> Supplied material
------------------------------
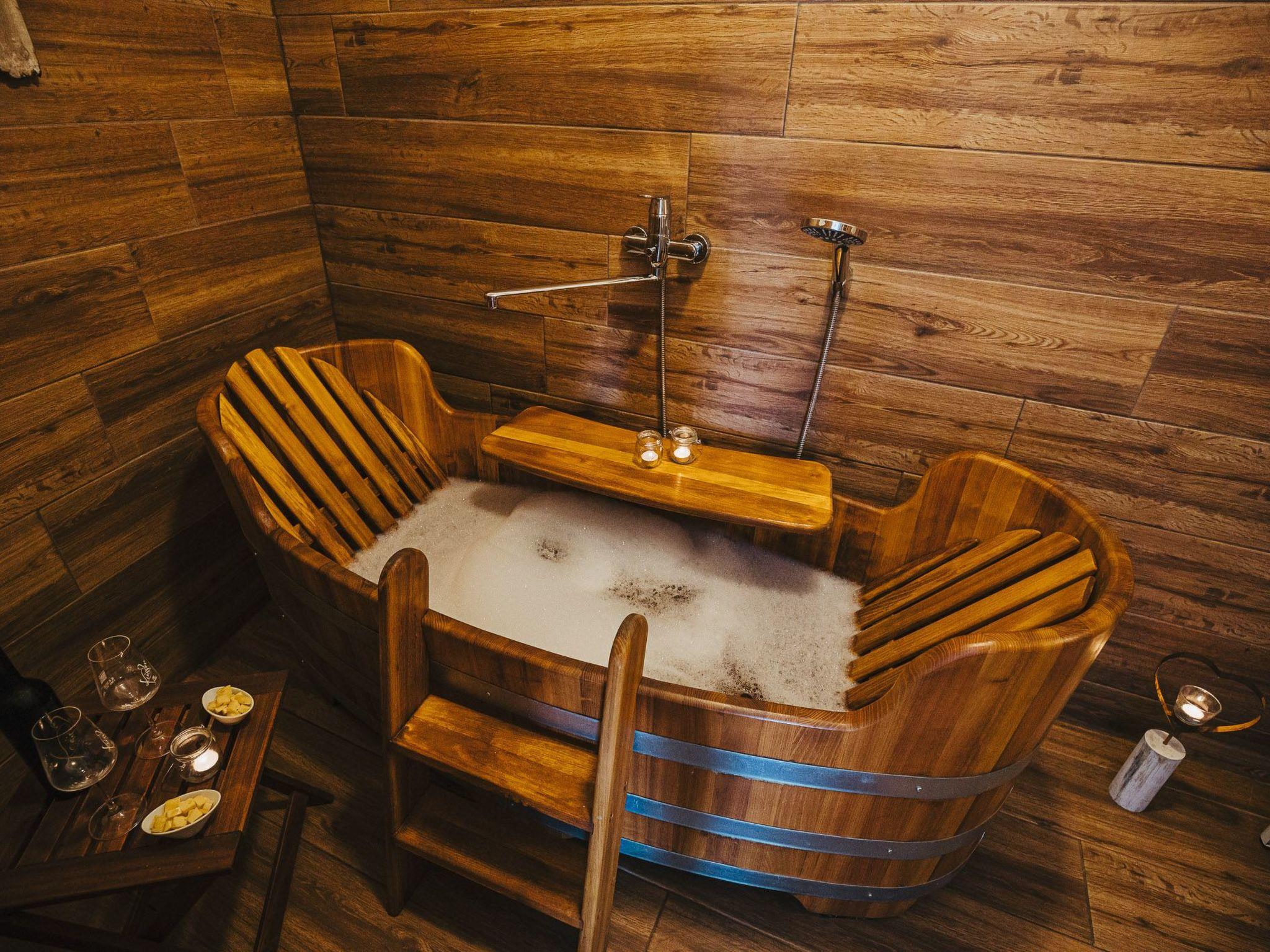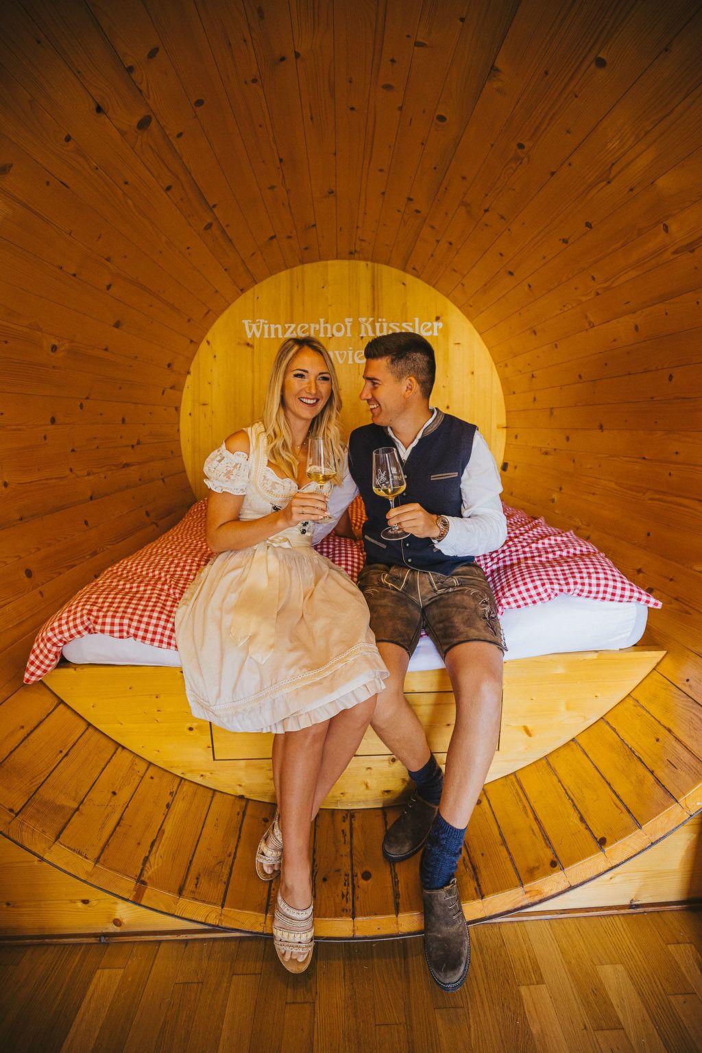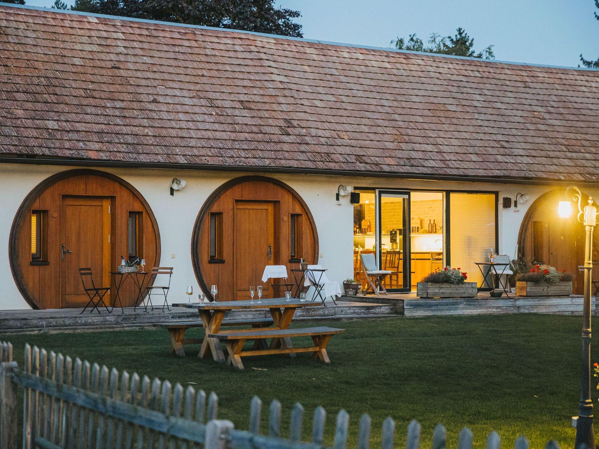 You will be sleeping in a 9000-litre wine barrel, with all the comfort you are accustomed to. The wine barrel suite has a wellness shower, a WC, seating, a fully-equipped kitchen for shared use. It doesn’t get cosier or more romantic than this.
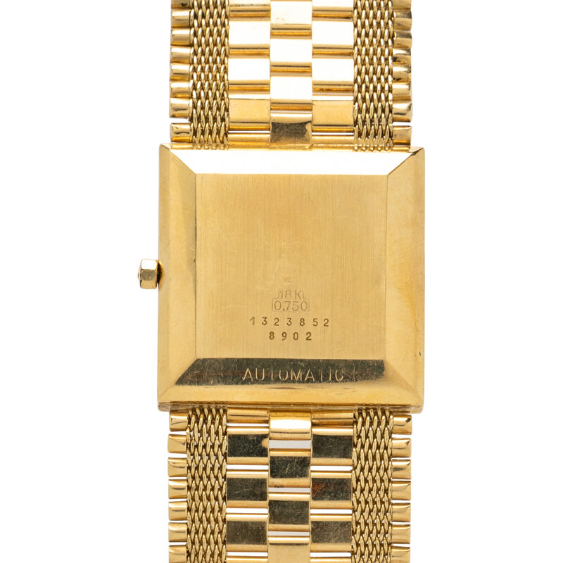 Stamps: Case back: 18K 0.750 1323852 8902 MACHO AUTOMATIC. Clasp stamp: PRB 18K TM.
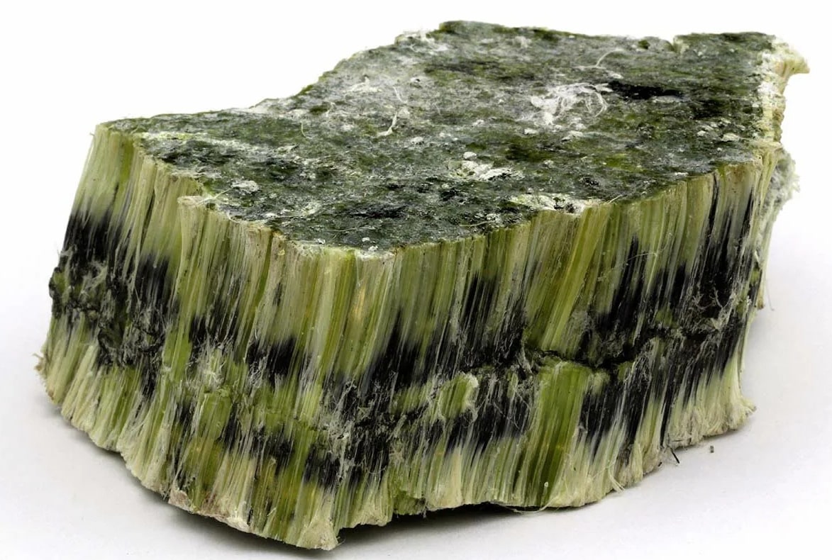 Это мягкий, волокнистый силикатный минерал обладает физическими свойствами, благодаря которым его включают в состав строительных материалов. Однако это представляет серьёзную опасность для здоровья при распылении в воздухе и вдыхании.
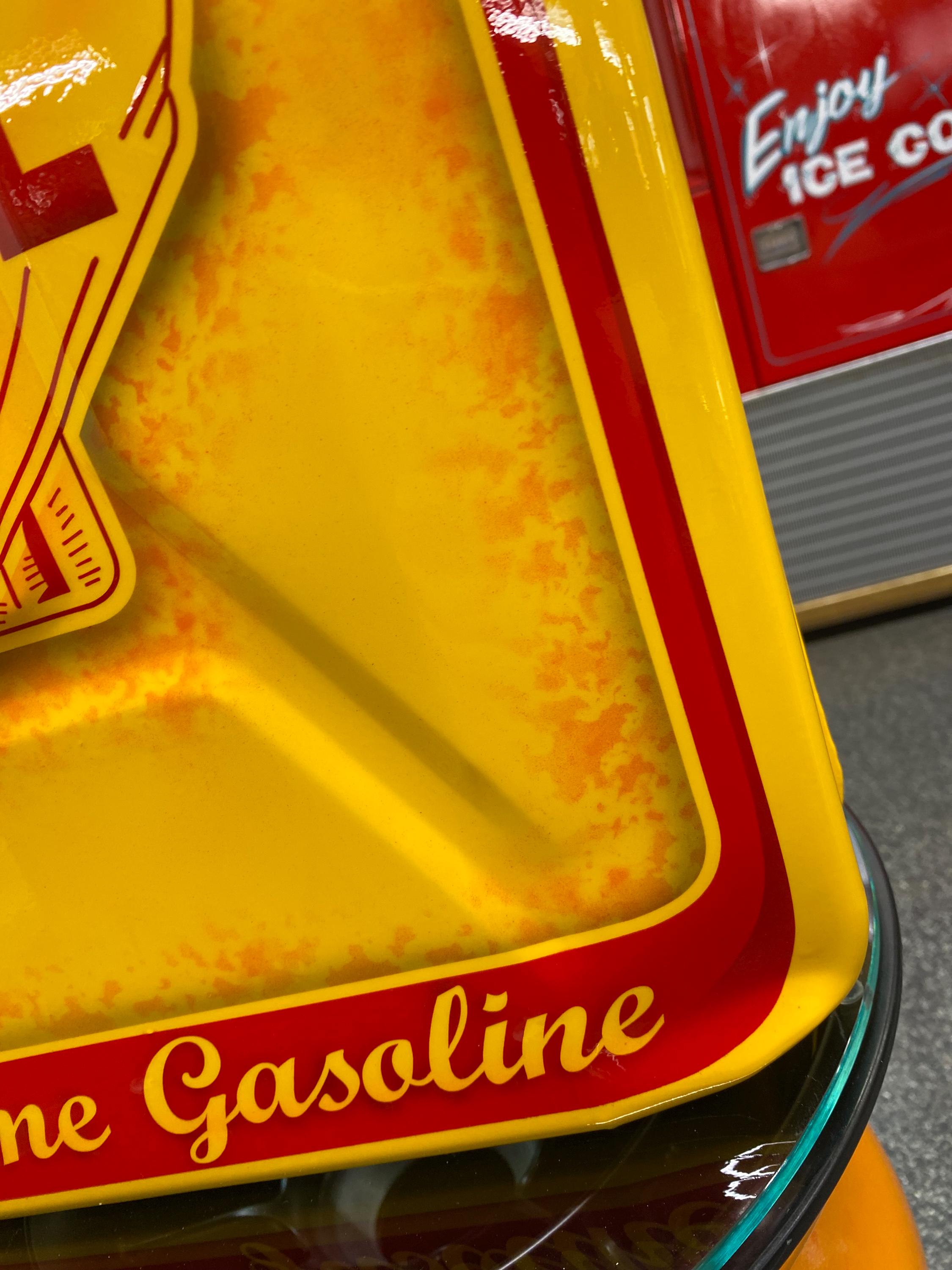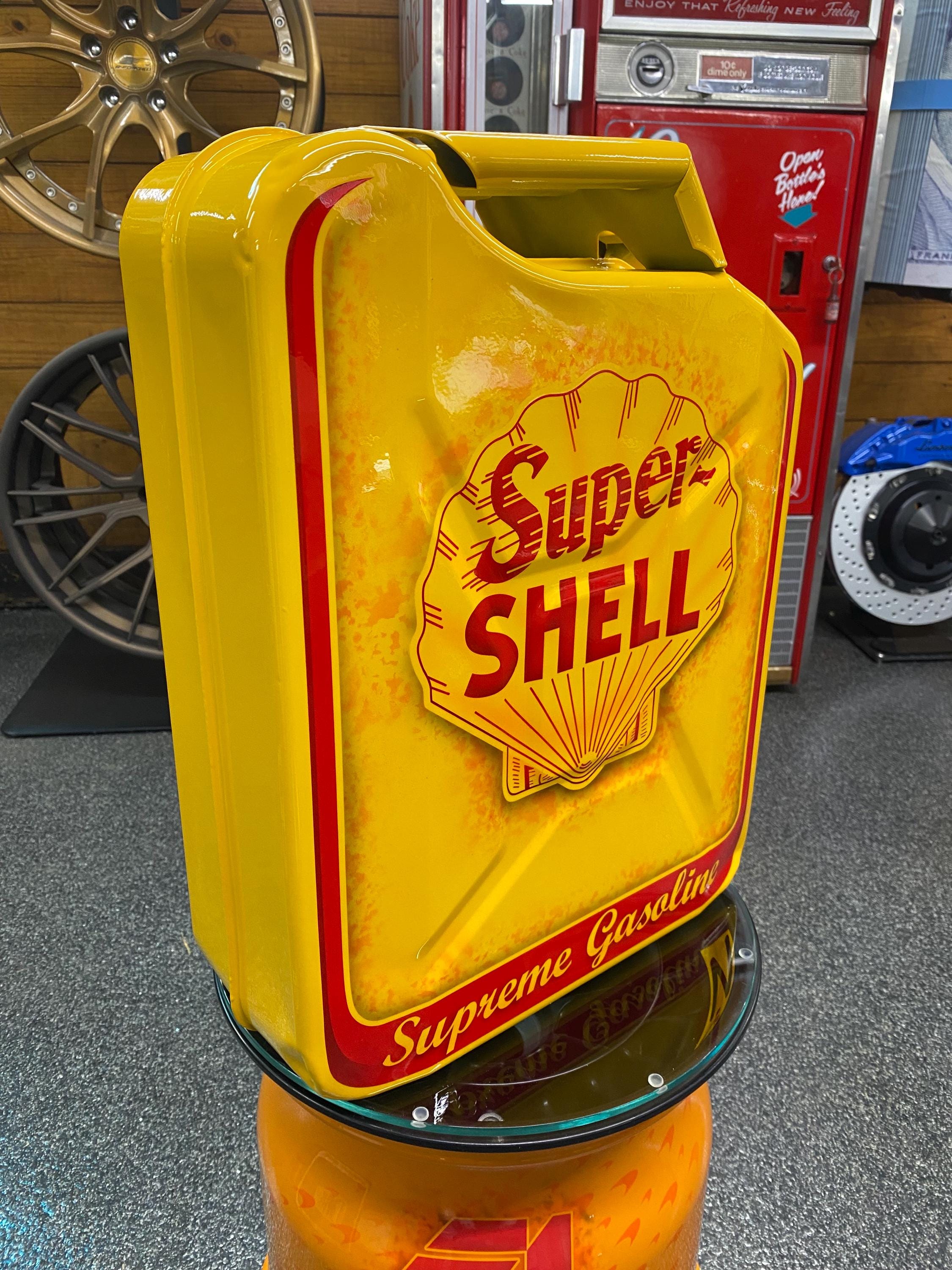This gas can is meticulously crafted and painted to reflect the iconic design of vintage Shell, making it perfect for display or as a unique gift for enthusiasts. Elevate your garage or man cave with this eye-catching collectible that celebrates vinatage style. Don’t miss your chance to own a 1 of a kind piece of art!
------------------------------
Transcribe each line above exactly, pictures excluded.

 You will be sleeping in a 9000-litre wine barrel, with all the comfort you are accustomed to. The wine barrel suite has a wellness shower, a WC, seating, a fully-equipped kitchen for shared use. It doesn’t get cosier or more romantic than this.
 Stamps: Case back: 18K 0.750 1323852 8902 MACHO AUTOMATIC. Clasp stamp: PRB 18K TM.
 Это мягкий, волокнистый силикатный минерал обладает физическими свойствами, благодаря которым его включают в состав строительных материалов. Однако это представляет серьёзную опасность для здоровья при распылении в воздухе и вдыхании.
This gas can is meticulously crafted and painted to reflect the iconic design of vintage Shell, making it perfect for display or as a unique gift for enthusiasts. Elevate your garage or man cave with this eye-catching collectible that celebrates vinatage style. Don’t miss your chance to own a 1 of a kind piece of art!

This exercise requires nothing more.